Un peu moins car, pour la plupart d’entre eux, les images diffusées à la télé valent tous les bulletins de santé. Pour autant, l’“interrogation nationale” reste de mise : Bouteflika est-il en état d’assumer les fonctions de président de la République ? Ils sont certes quelques-uns à répondre par l’affirmative, voire à stigmatiser ceux qui osent se poser une telle question. Ils ajoutent même, quelquefois, qu’un président “ne gouverne pas avec ses pieds, mais plutôt avec sa tête”, ou encore que Bouteflika “va bientôt se remettre à marcher”.
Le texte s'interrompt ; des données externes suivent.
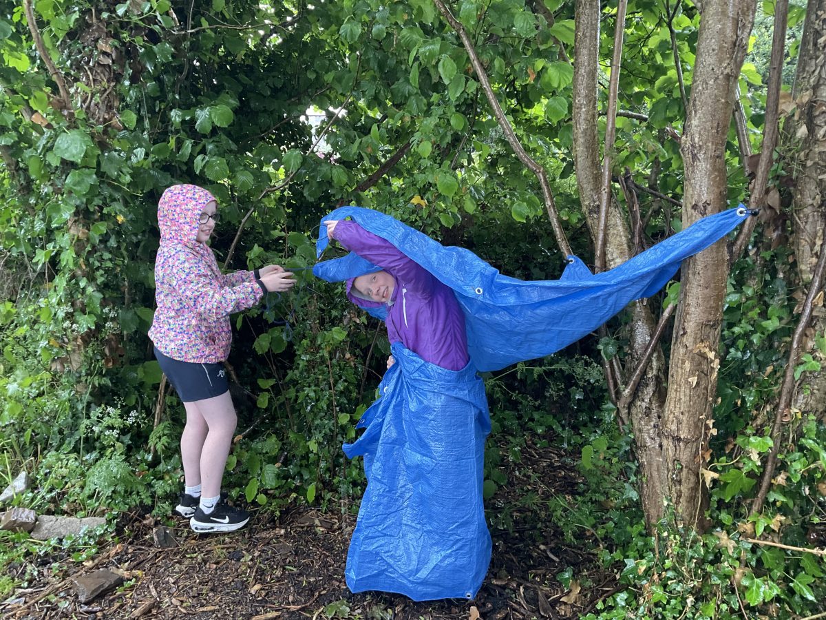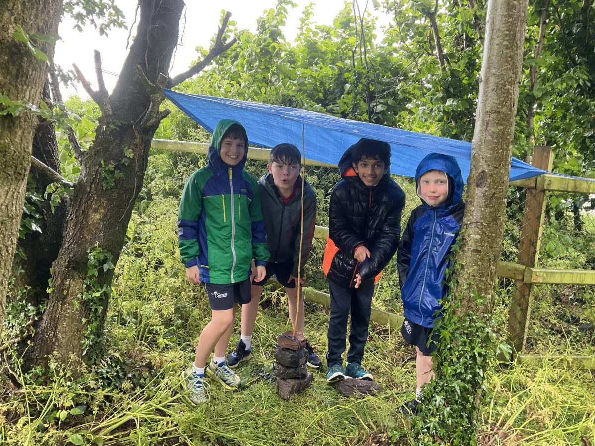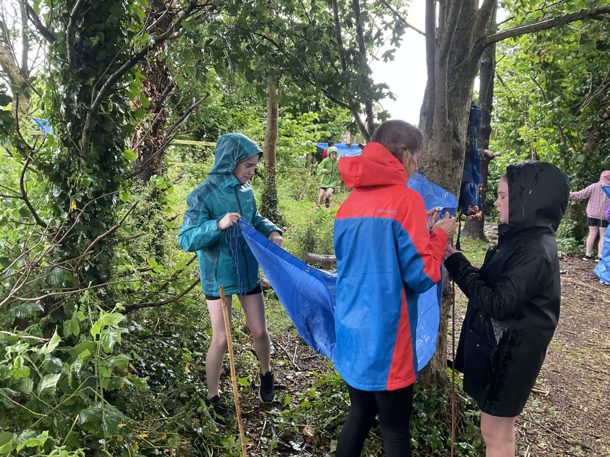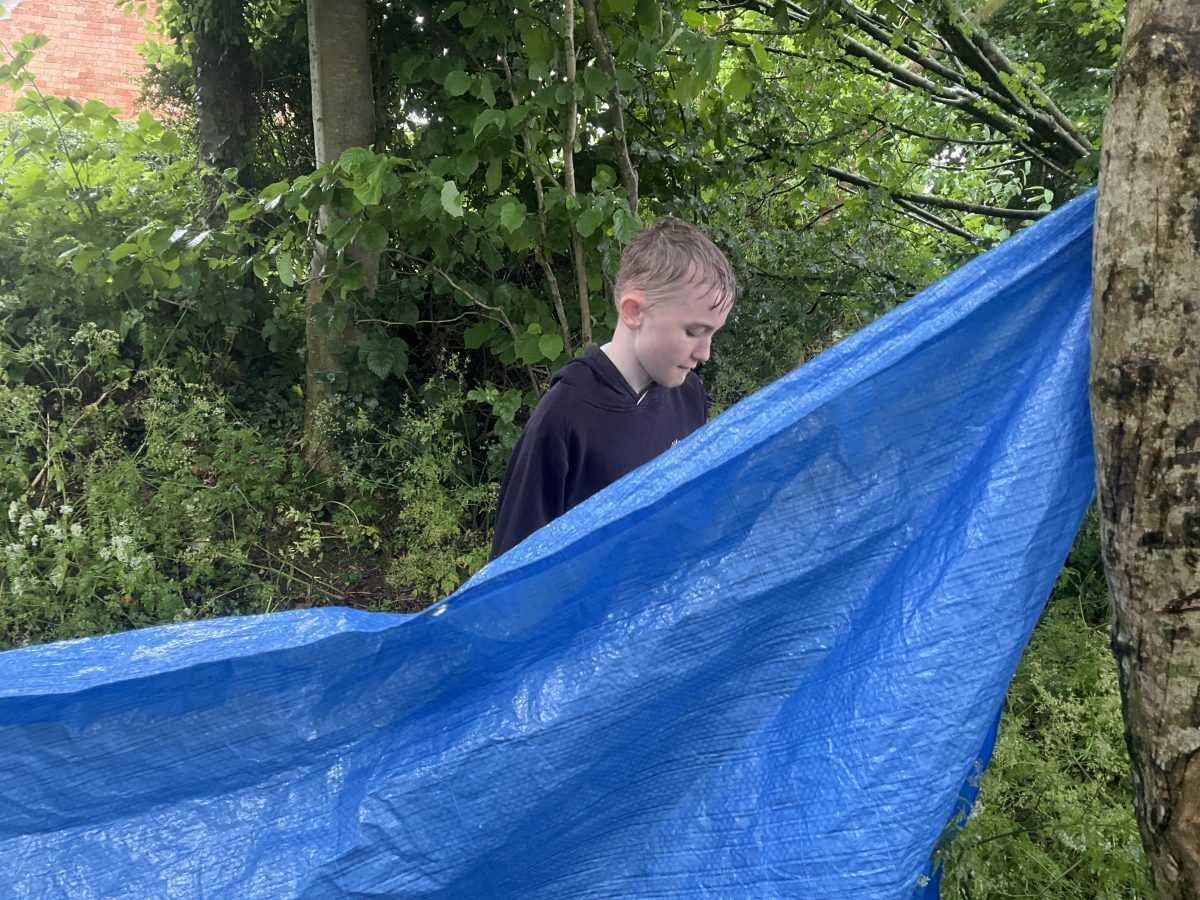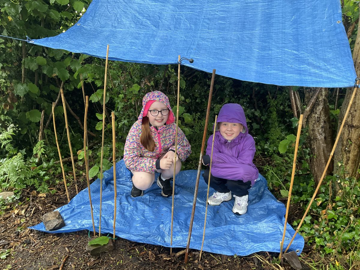 Our Primary 7 pupils have been learning practical outdoor skills in the small copse of trees near the school. Using bamboo canes, sticks, tarpaulins, bungee ties, and rope, they worked together to design and build sturdy shelters. This hands-on activity encouraged teamwork, problem-solving, and creativity while deepening their connection with nature.

Des petites phrases chargées de zèle et de suffisance, mais qui ne suffisent guère à rassurer. D’abord  parce qu’elles viennent de personnes qui, comme tous les Algériens, ne voient Bouteflika qu’en image, à la télé. Ensuite parce qu’elles sont contredites par ces images mêmes que tous ont la latitude de voir et d’analyser. Car les Algériens en sont à analyser l’image du Président, pas son bilan. Celui-ci, ils le vivent au quotidien et ils n’ont nul besoin qu’il leur soit décliné pour en connaître les effets sur leur quotidien. Ils en observent même, quelquefois, quelques illustrations on ne peut plus significatives, comme ces grotesques aberrations et dénis de droit qui frappent Me Ali-Yahia Abdennour, les Ahmadis, le groupe Cevital ou encore les syndicats autonomes, pour ne citer que des dossiers d’actualité immédiate. Autant d’affaires et bien d’autres encore qui, à l’évidence, révèlent la réalité du bilan. Et qui, peut-être, trahissent quelques mystérieuses interférences et, par voie de conséquence, un état de santé peu conforme aux exigences de la fonction présidentielle.